Depletion of fossil fuel combined with environmental and political concerns with fossil fuels have accelerated research on technologies to convert biomass into liquid fuels, i.e. biofuels. Aqueous-phase hydrogenation (APH) reactions are crucial for biofuel production, including ethanol production by hydrogenation of fermentation products (organic acids) [1], gasoline production by hydrogenation of pyrolysis oils [2], and alkane production by aqueous-phase dehydration/hydrogenation of carbohydrates [3]. APH reactions involve hydrogenating a range of functionalities, including acids, sugars, alkenes, and aldehydes. The objective of this project is to develop a fundamental understanding for aqueous-phase hydrogenations of organic acids by a combined theoretical and experimental approach.

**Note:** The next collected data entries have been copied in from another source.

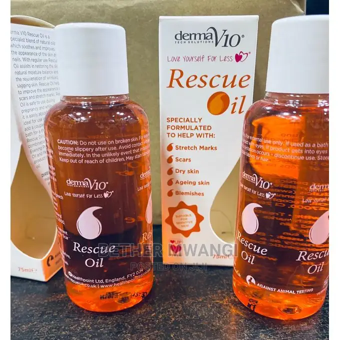 Derma Rescue Oil Anti-ageing Anti-stretch Mark Rescue oil is specially formulated to help with stretch marks, scars, dry skin, ageing and other skin blemishes. We also strongly recommend this product for anyone looking for quick results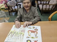 今日は、おやつまでの時間を利用して数名の入居者様に10月分の塗り絵カレンダーに挑戦して頂きました。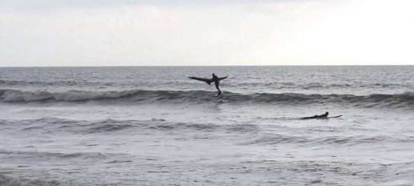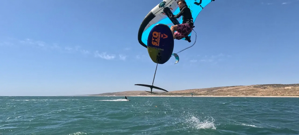 Żnin im Winter, das Gewässer vor der polnischen Stadt war gefroren. Wings + Schlittschuhe und Windsurfsegel auf Eissurfboards wurden genutzt, um über den See zu rutschen.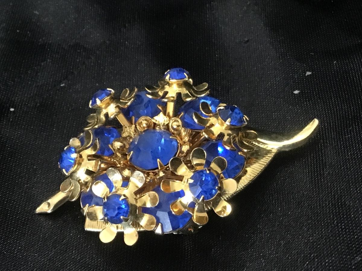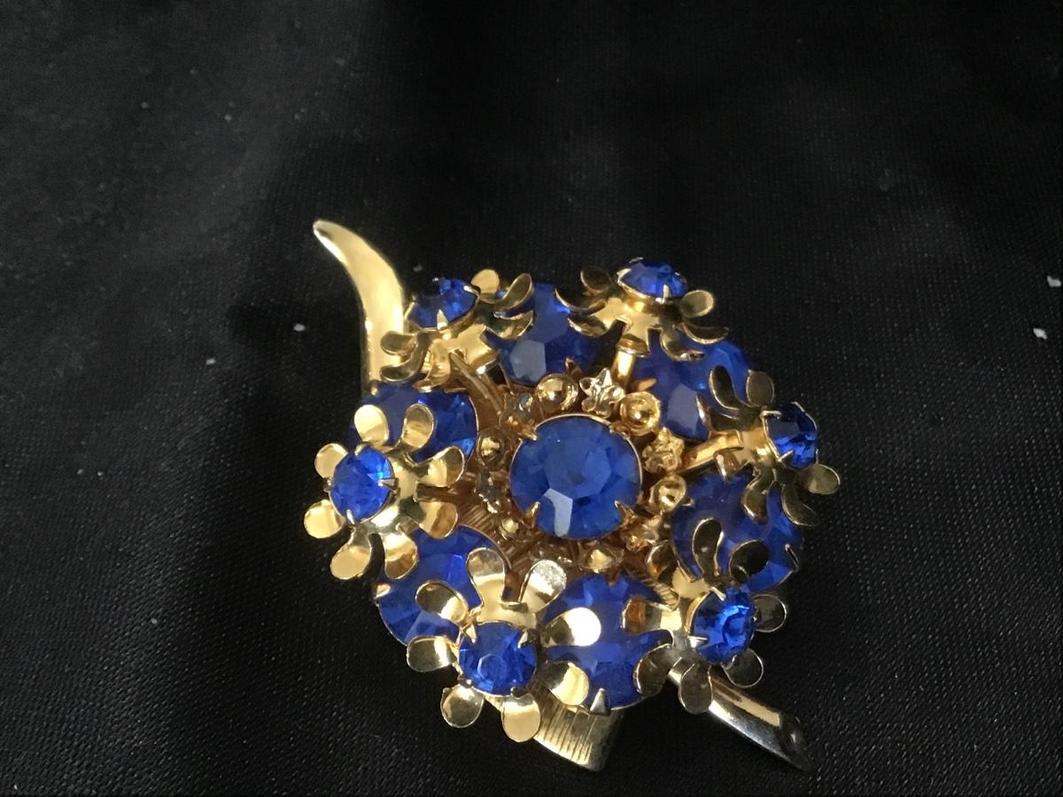 Three-dimensional flower cluster leaf Blue Rhinestone Brooch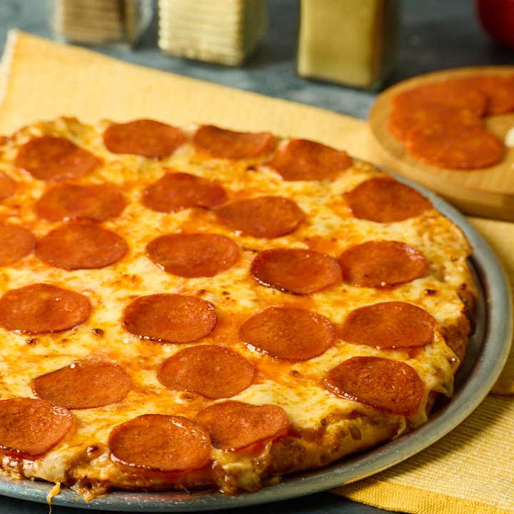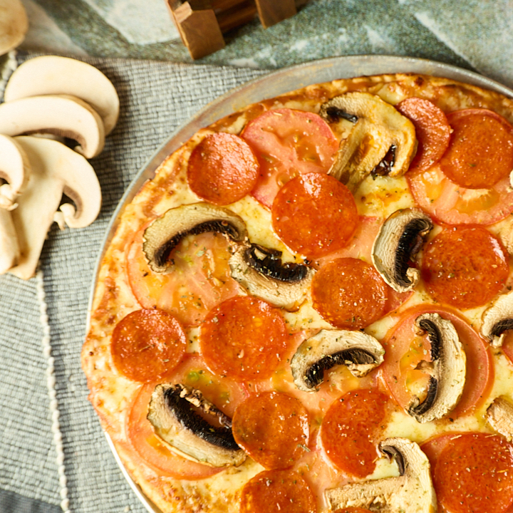 Pepperoni, champiñones y tomate. Base delgada y crocante, salsa y queso.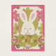 Páscoa Bunny espiando-se de impressões de pontos com fundo de impressão floral.etiqueta de presente de Páscoa.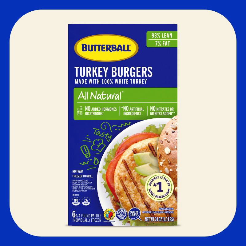 - Includes six 1/4 lb. Butterball All Natural White Frozen Turkey Burger Patties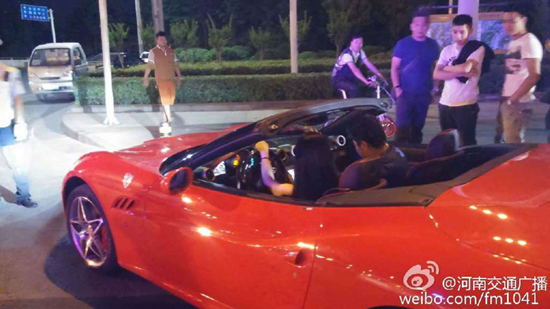 6月12日晚上,在郑州交警CBD夜查飙车行动中,一女子携带一男驾红色法拉利跑车在商务内环超速行驶。被交警拦下后,车上男子下车抢夺河南交通广播记者的采访机,并造成记者受伤。
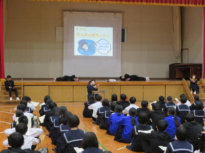 「性教育」は「人権教育」であり、「防災教育」であり、自分や周りの人を守るための「知識のお守り」であるというお話から始まりました。そして、思春期にいる中学生は、ネガティブな感情を受け取る感覚が敏感になっている。その他、脳の発達やSNSトラブル、性的同意についてお話しくださり、「性」についての正しい知識を伝えてくださいました。また、ザワザワする気持ちを抑える方法として「瞑想」を紹介されました。そして、1番大切なことは、どんなことでも困ったことがあったら、心の傷が深くなる前に一人で抱え込まず、信頼できる大人へすぐに相談するよう話がありました。

We have measured the catalytic activity of aqueous-phase hydrogenation of acetic acid on supported monometallic Ni, Cu, Ru, Rh, Pd, Ir, and Pt catalysts in a fixed bed reactor. Ru/carbon is by far the most active catalyst, with an apparent activation energy of 44 kJ/mol. It is also the most selective toward ethanol at moderate temperatures, with the selectivity topping at 74% at 175 °C. Rh and Pt are the next most active, but their activity is an order of magnitude lower than that of Ru, with the rest of the metals being still less active.

For additional mechanistic insight, we have investigated the hydrogenation of acetic acid on the monometallic surfaces using density functional theory (DFT) calculations. By determining the energetics and kinetics of probable elementary steps, and taking experimental evidence into account, we tentatively identify the formation of acetyl (CH₃CO) as the main rate-determining step in the conversion of acetic acid, and the binding energy of acetyl as an important parameter of the overall activity. The effect of the aqueous phase on the reaction mechanism will be discussed. This study will provide valuable insight for designing a more versatile, alloy-based APH catalyst in the future.

[1] T. Eggeman, D. Verser, Recovery of organic acids from fermentation broths, Appl. Biochem. Biotechnol. 2005, 121-124, 605.

[2] G. W. Huber, S. Iborra, A. Corma, Synthesis of transportation fuels from biomass: chemistry, catalysts and engineering, Chem. Rev. 2006, 106, 4044.

[3] G. W. Huber, J. A. Dumesic, An overview of aqueous-phase catalytic processes for production of hydrogen and alkanes in a biorefinery, Catal. Today 2006, 111, 119.